Robinson’s system introduces carbon and removes oxygen from the process to encourage uptake of nitrogen within deposit feeders, which work with bacteria naturally present in their gut and the surrounding soil or sediment to convert the waste into high value protein.

The approach upcycles and remediates nitrogen-rich effluent from aquaculture, by pairing carbon-rich waste streams from agriculture.

Electricity source

Robinson added: “The energy generated by the micro-organisms breaking down the waste is harnessed as a sustainable source of electricity, while the addition of carbon sources and deposit feeding invertebrates will enhance the overall energy generation potential of the system.” 

During the course of Robinson’s fellowship, systems will be developed in marine and terrestrial settings in tropical (Mauritius) and temperate (UK) environments.

Dr Robinson said she hoped to develop a low-cost system for the food production sector that can increase revenue, while reducing environmental impacts, particularly in lower income tropical countries.
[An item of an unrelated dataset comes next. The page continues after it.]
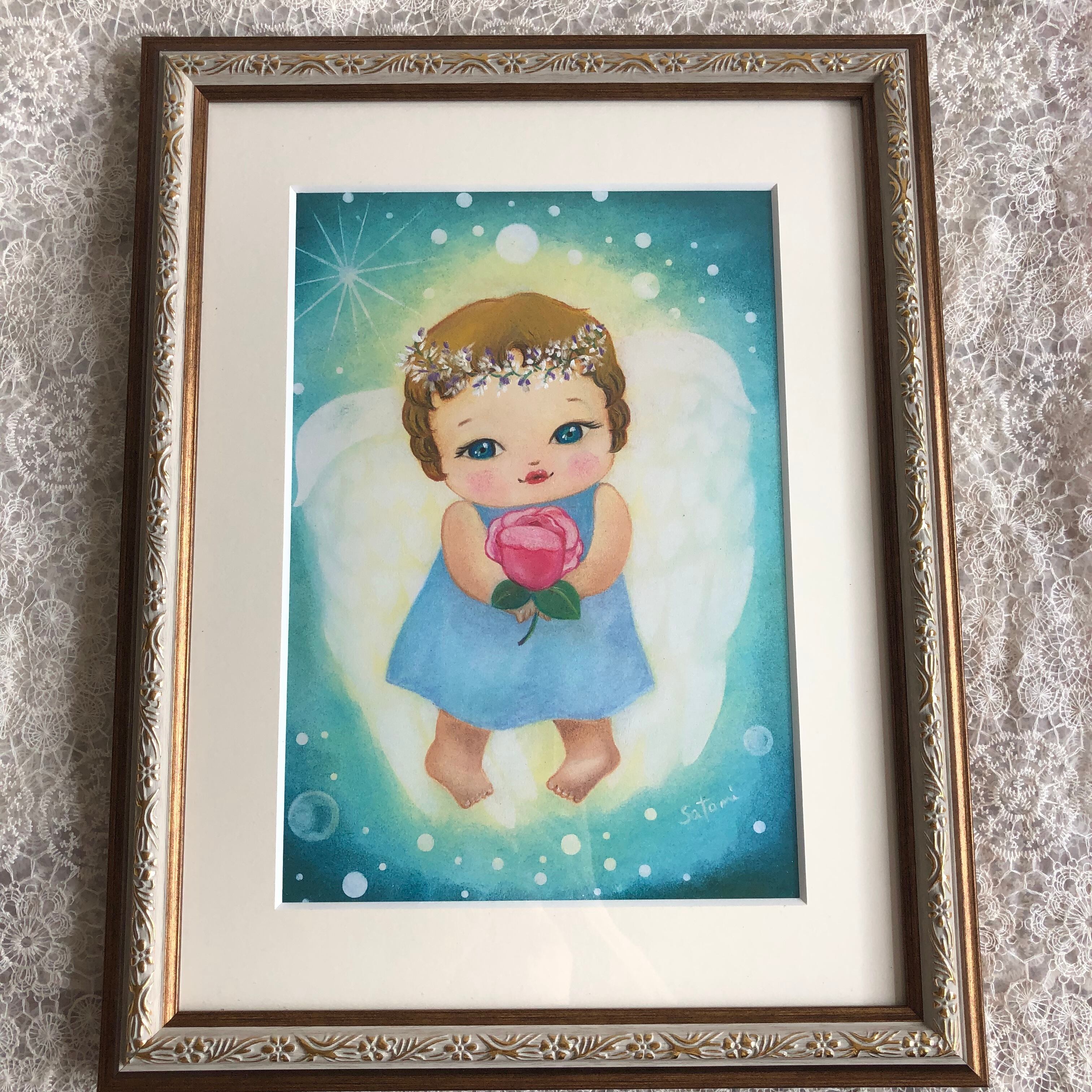パステルアート天使画【天使からハートに薔薇を】原画販売です。

It is envisaged that large-scale adoption of the technology would have the potential to secure food and feed production systems for generations to come.

Dr Adam Hughes, a senior aquaculture researcher at SAMS, said: “This is really exciting science, dealing with one of the biggest challenges we currently face. Georgina’s work is changing the way we think about waste and turning it into a resource, rather than a problem.”